Nice article, though I do have to chime in and fix one claim. “Does not make assumptions about the distribution of data (e.g. normality)”. This is false. Where do the p-values come from? Basically what you’re doing from a mathematical standpoint is you are using the pooled values as the “true” model (i.e. null hypothesis) that there is no effect, and then you compute the mean squared error (variance) for the values found for every effect. You then ask the question, do these variances make sense? If it was completely deterministic and your (null) hypothesis was correct, the values for the pooled data would match the factors in the correct portion and all would be dandy and the test statistic would read zero.

However, what you instead is that the stuff you added all are squares of something with mean zero variance 1 (since you subtracted the mean and divide away the variance term, that’s why the subtraction and division are in the equation), and you have to ask how likely is this? Well, that’s not enough information without knowing the distribution (the mean and the variance doesn’t determine the distribution for all probability distributions, just very simple ones like Poisson and Normal distributions). However, you make the assumption that each of these are mean zero variance 1 (standard) normally distributed random variables (if you have infinite data, this assumption is always correct). Thus you mathematically define the Chi Square distribution of degree k to be the sum of k standard normal random variables. From here some math ensures to find out what that distribution is (the easiest way being via characteristic functions) and thus you find the probability of having this sum of squares greater than or equal to a given value.

But notice what you had to do: you had to make the normality assumption on each term of the sum in order to link the test statistic to the very mathematical object (the Chi Square distribution) in order to use that to compute a probability of seeing a value this big or larger.

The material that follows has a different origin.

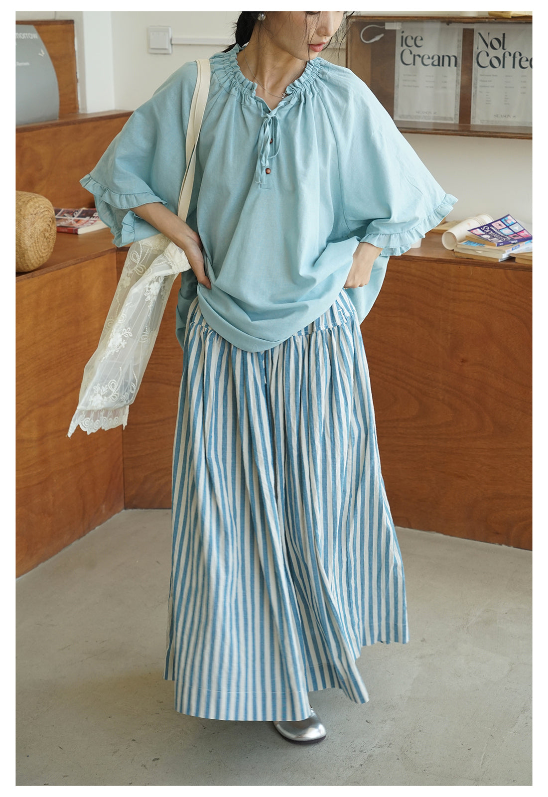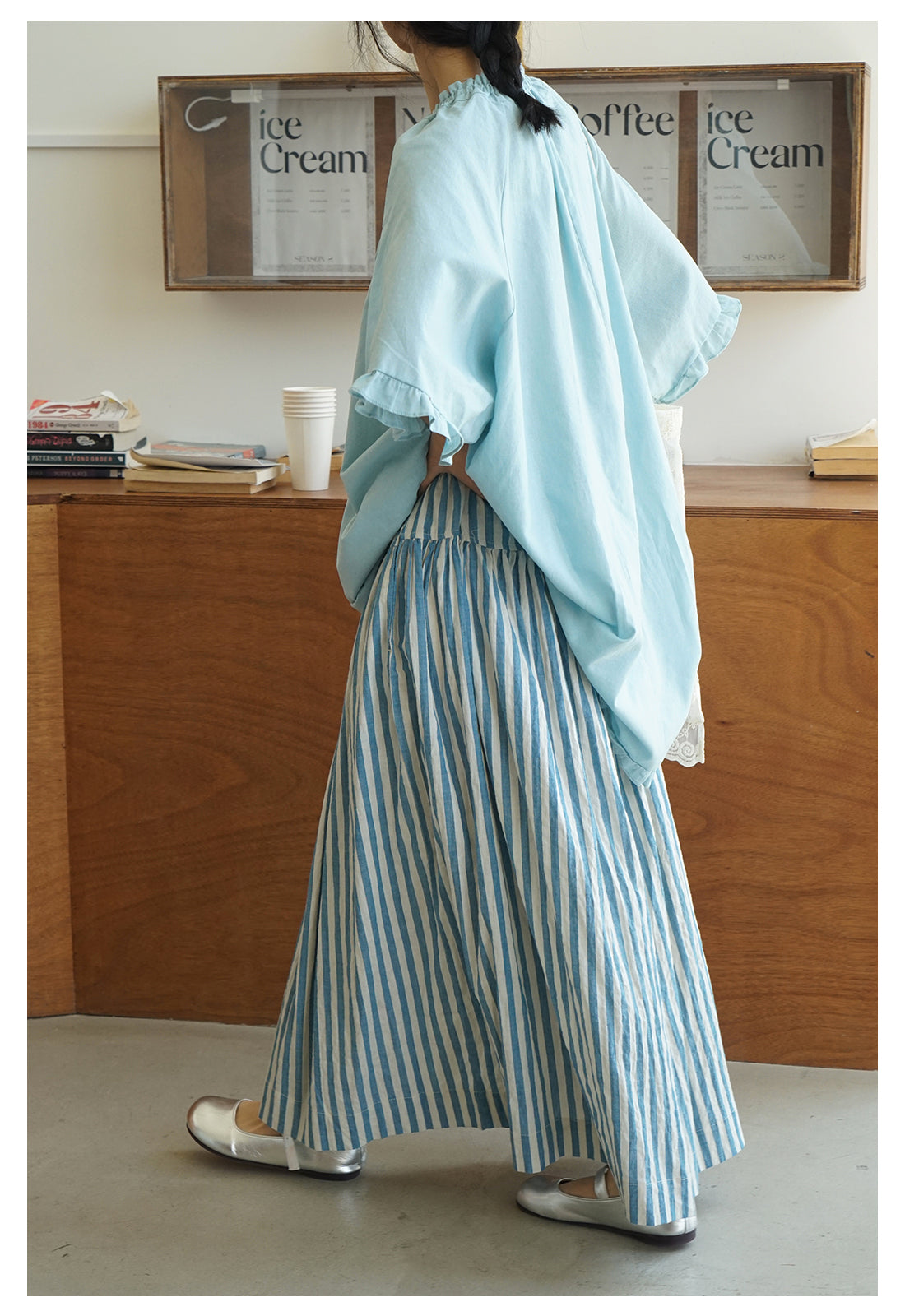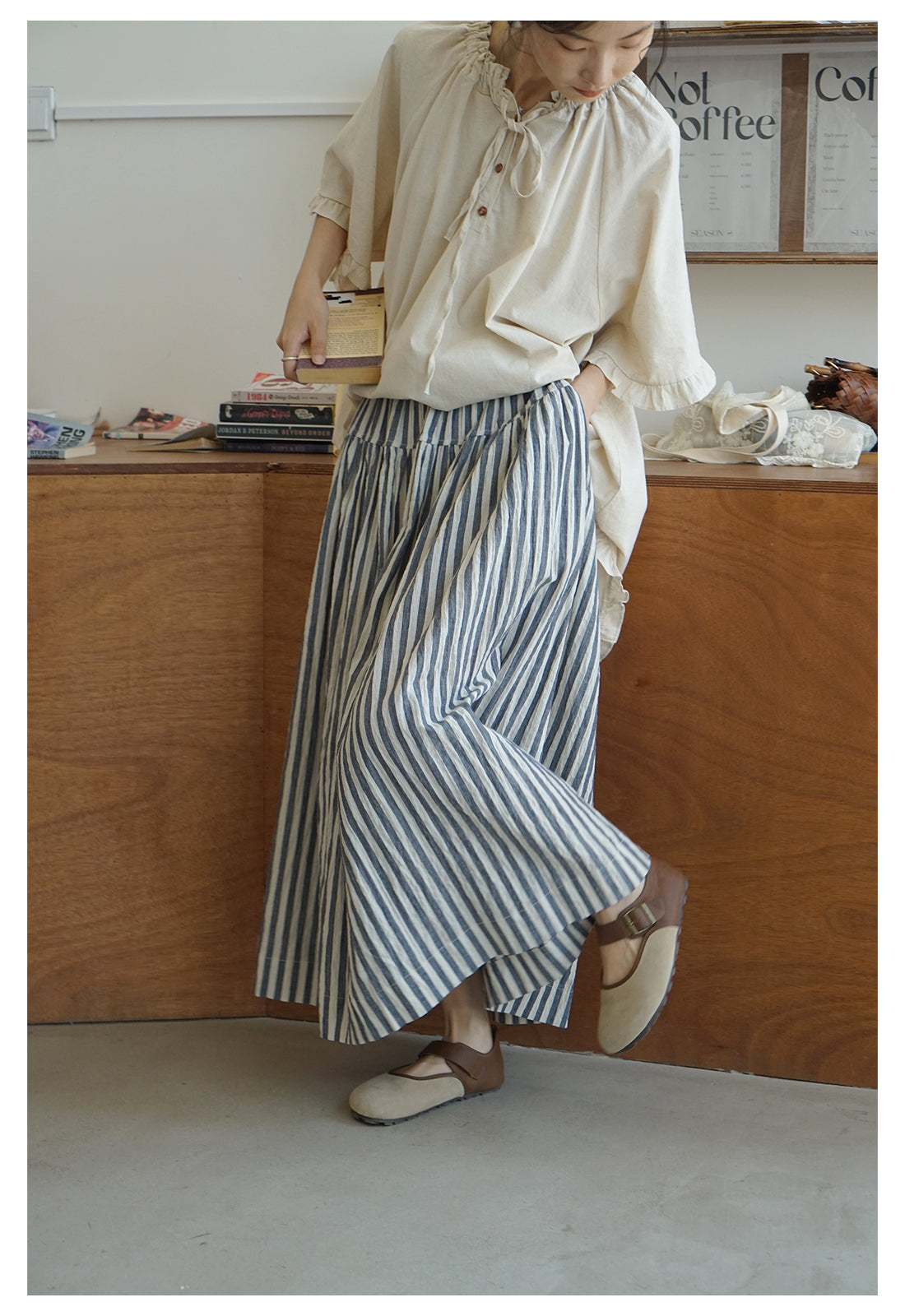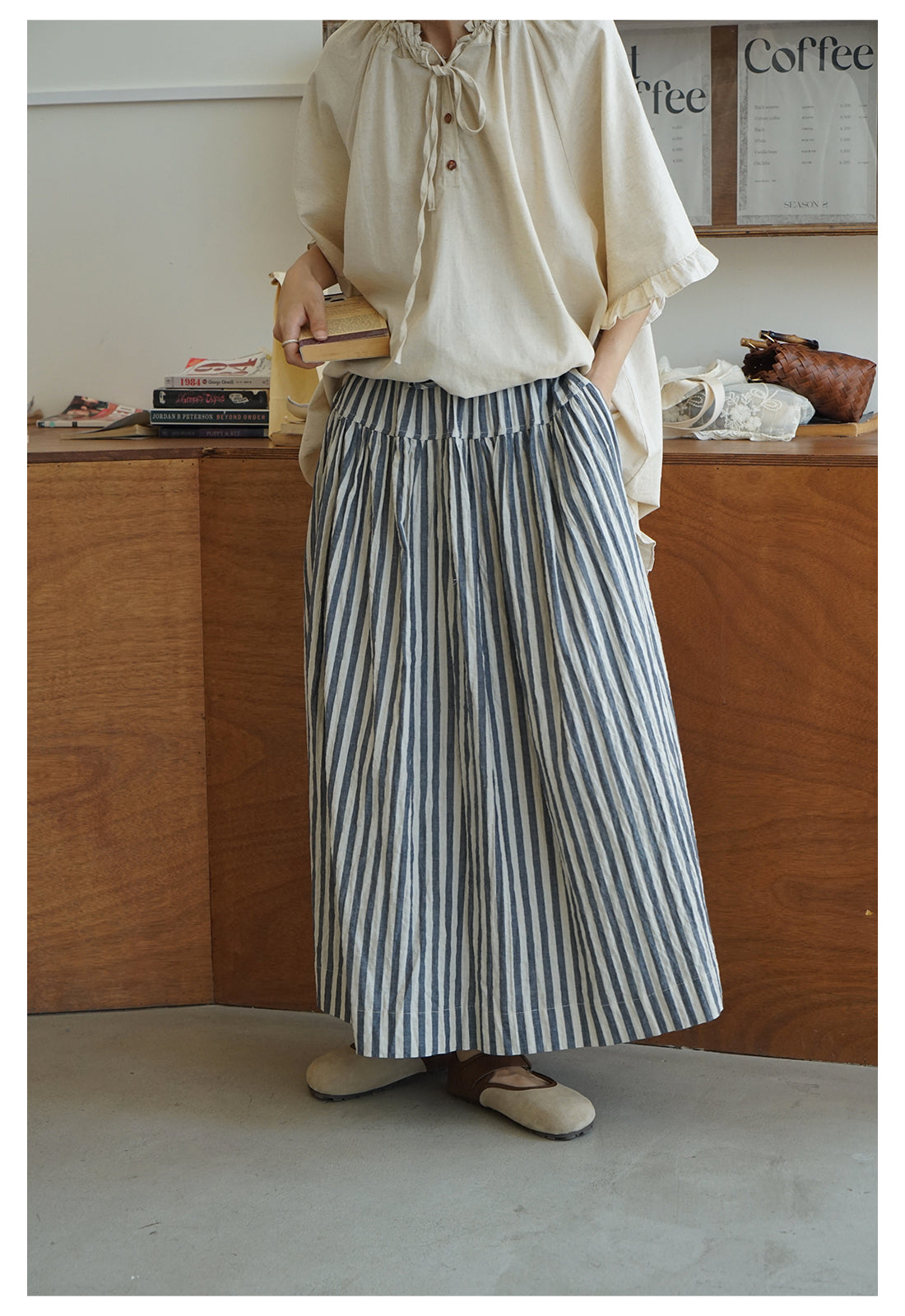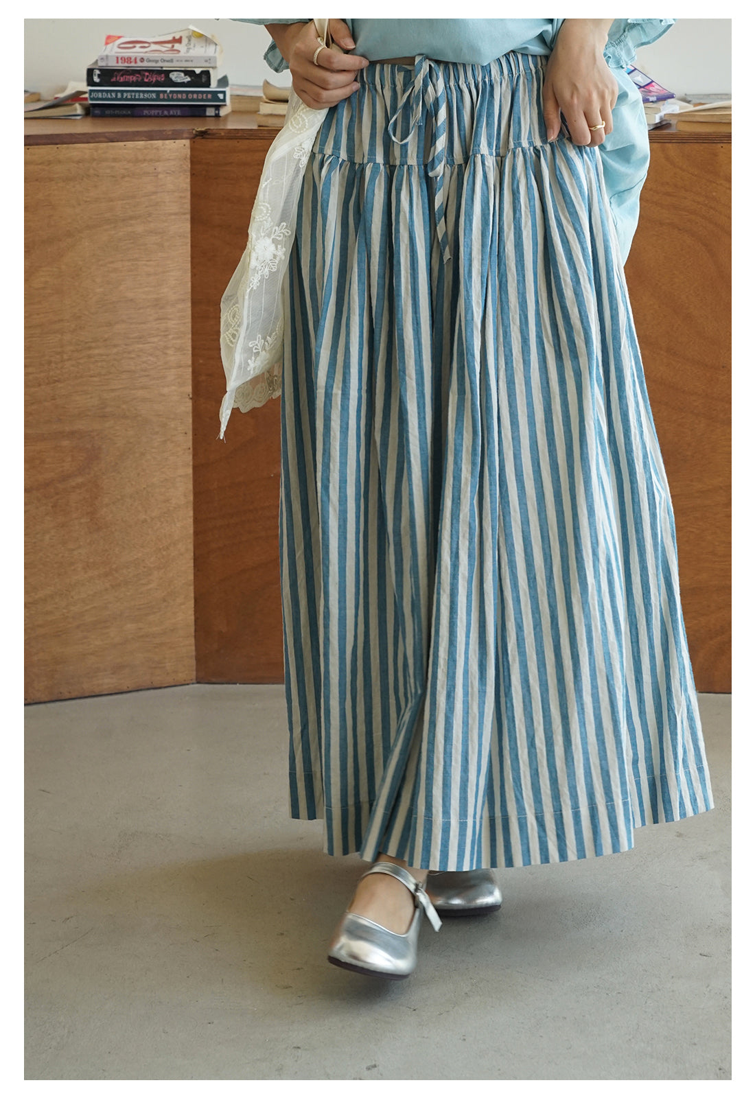 2色展開◇コットン ストライプ イージーロングスカート◇

However, there is a way to compute (in some sense) an “exact” probability for these kinds of problems, and that would be the Fisher’s exact test. A quick Google search will bring up the test and how to do it. However, in practice it’s not really that different from a Chi Square test, the differences only really come up when you have the standard issues that plague tests which rely on normality (i.e. have a large outlier).

P.S. I see this is your first article on the site. Very well done and I hope to see more in the future. Cheers!